Your program should have a natural limit.
If it doesn't you might as well stick it as 16k, as you don't have enough information to define the problem.
-Adam
Short ;-)
The problem is that every web server and every browser has own ideas how long the maximum is. The RFC for the HTTP protocol gives no maximum length. IE limits the get to 2083 characters, the path itself may be at most 2,048 characters. However, this limit is not universal. Firefox claims to support at least up to 65,536, however some people verified that on some platforms even 100,000 characters work. Safari is above 80,000 (tested). Apache server on the other hand has a limit of 4,000. Microsofts Internet Information Server has one being 16,384 (but it is configurable).
My recommendation is to stay below 2'000 characters in any case. This is not guaranteed to work with every browser in the world (especially not older ones), but it will work with all modern browsers. Further I recommend to use POST wherever possible (e.g. avoid using GET for FORM submits - if some users want to simulate a FORM submit via GET, make sure your application supports the desired parameters either via POST or via GET, but when you submit the page yourself via a button or JS, prefer POST over GET).
I think the RFC says 4096 chars but IE truncates down to 2083 characters. Stay well under that to be safe.
Practically, shorter URLs are friendlier.
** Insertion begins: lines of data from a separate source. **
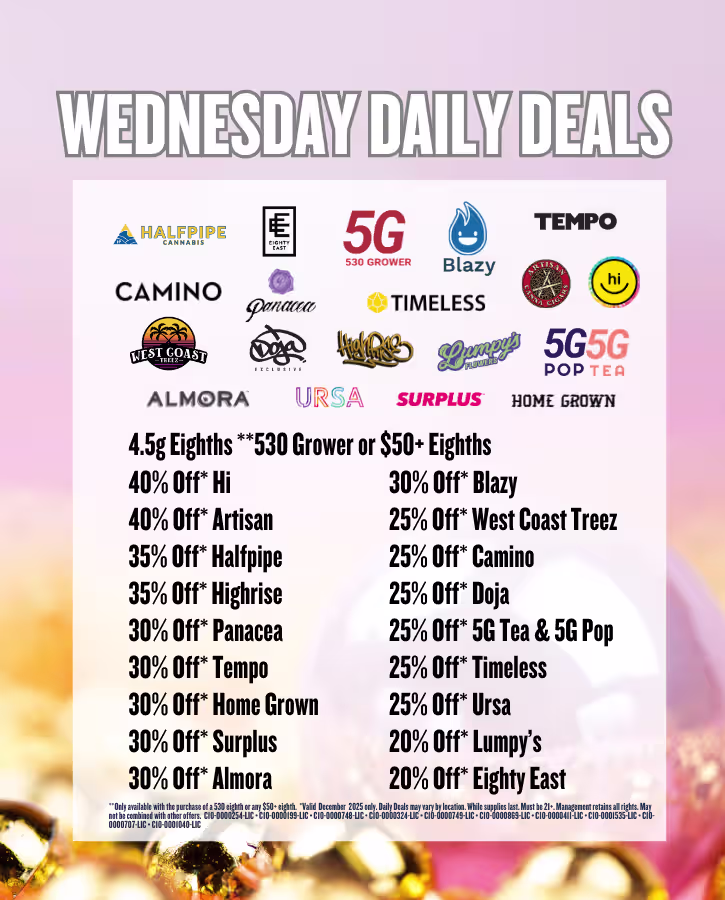 4.5g Eighths** 530 Grower (5G) or $50+ Eighths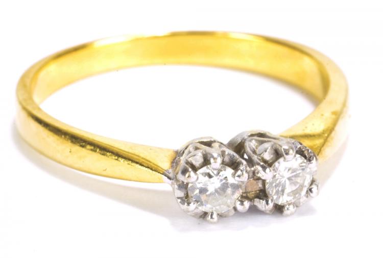 Lot 1523 of 2269: An 18ct yellow gold two stone diamond ring, 3.5g.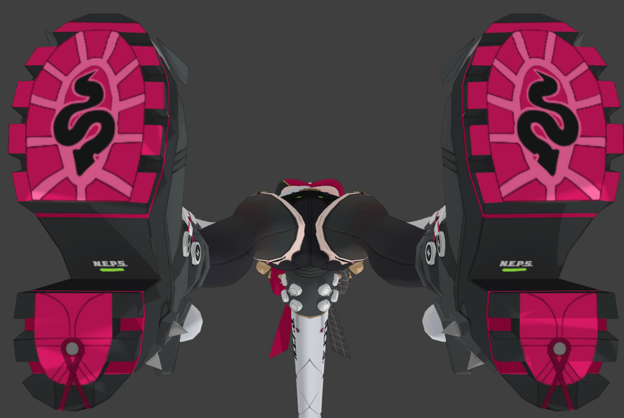 I really like her tall-flat design. That's pretty unique. She also seem likes to be perpetually cuffed, so I am expecting some unique animations too.

More information is needed but for normal situations I would say try to keep it under 150 for sure. If for nothing else than pure ascetics, I hate when someone sends me a GI-NORMOUS link...
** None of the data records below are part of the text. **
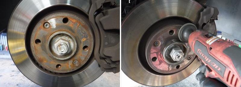 入庫当初、ホイールハブが錆で固着してホイールが外れなかったため小型バフで磨いて清掃。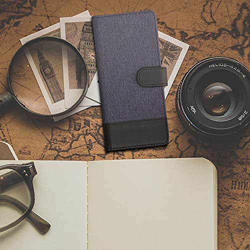 Kwmobile Custodia Compatibile con Sony Xperia 10 III Cover Portafoglio - Case Chiusura Magnetica Portacarte Tessuto Similpelle Blu Scuro/Nero
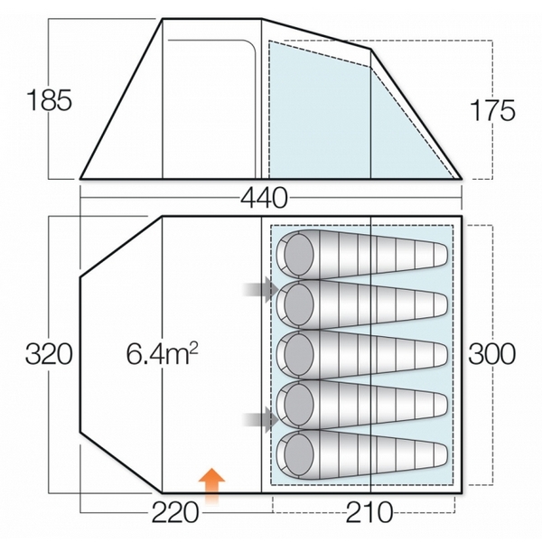 Легкая четырехместная палатка Vango Mambo 500 - это вместительная палатка, имеющая при этом сравнительно малый вес и компактные размеры в упакованном виде. Vango Mambo 500 с одной стороны предоставляет уровень комфорта кемпинговой палатки, а с другой стороны имеет запатентованную систему стабилизации каркаса TBS II и достаточную степень водонепроницаемости, благодаря чему вполне пригодна для походов средней сложности в неблагоприятных погодных условиях и как палатка в базовом лагере.Тамбур площадью 6.4 м2 имеет достаточно места не только для размещения багажа, но и для организации кухни и зоны отдыха. Туннельная конструкция предоставляет наибольший полезный объем по отношению к весу палатки. Возможность установки одновременно внешнего тента с закрепленной в нем внутренней палаткой гарантирует, что даже при установке в дождь внутренняя палатка останется сухой. Модель соответствует основным требованиям согласно стандарта Европейского союза EN5912.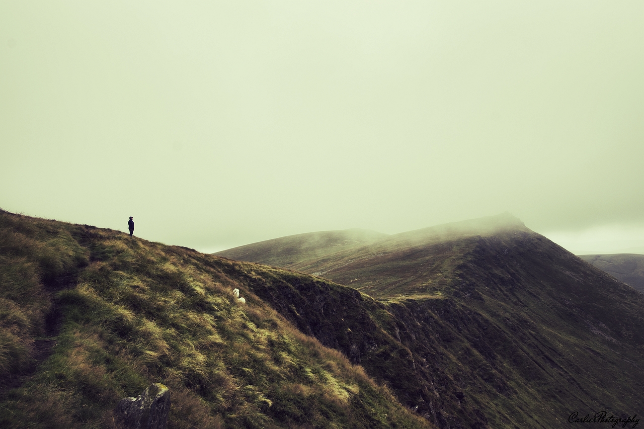 heuvels in Wales, lage bewolking, miezerig weer, maar de stilte de wind voelen heerlijk. Een avontuurlijke tocht naar top en het ultieme genieten van de natuur

Are you passing values through the query string? I assume that is why you asked, correct?
What is "optimum" anyway?
GET requests can be several kB in length, so this is entirely subjective.
I'd say - stay within the address bar length of a maximized 1024x768 window to be user friendly.
If you're trying to get people to remember the URL, I wouldn't go more than 60. Use words if possible, because it's easier to remember "www.example.com/this-is-the-url" than "www.example.com/179264". If you're trying to get the page indexed, you could probably go more. The spiders look for words in the title too, and some people may be more likely to click on the link if the URL looks readable.
When you say "Optimum", I think "Easily Accessible To Users", in which case, I think the shorter the URL, the better. I would think 20-30 characters maximum, in that case.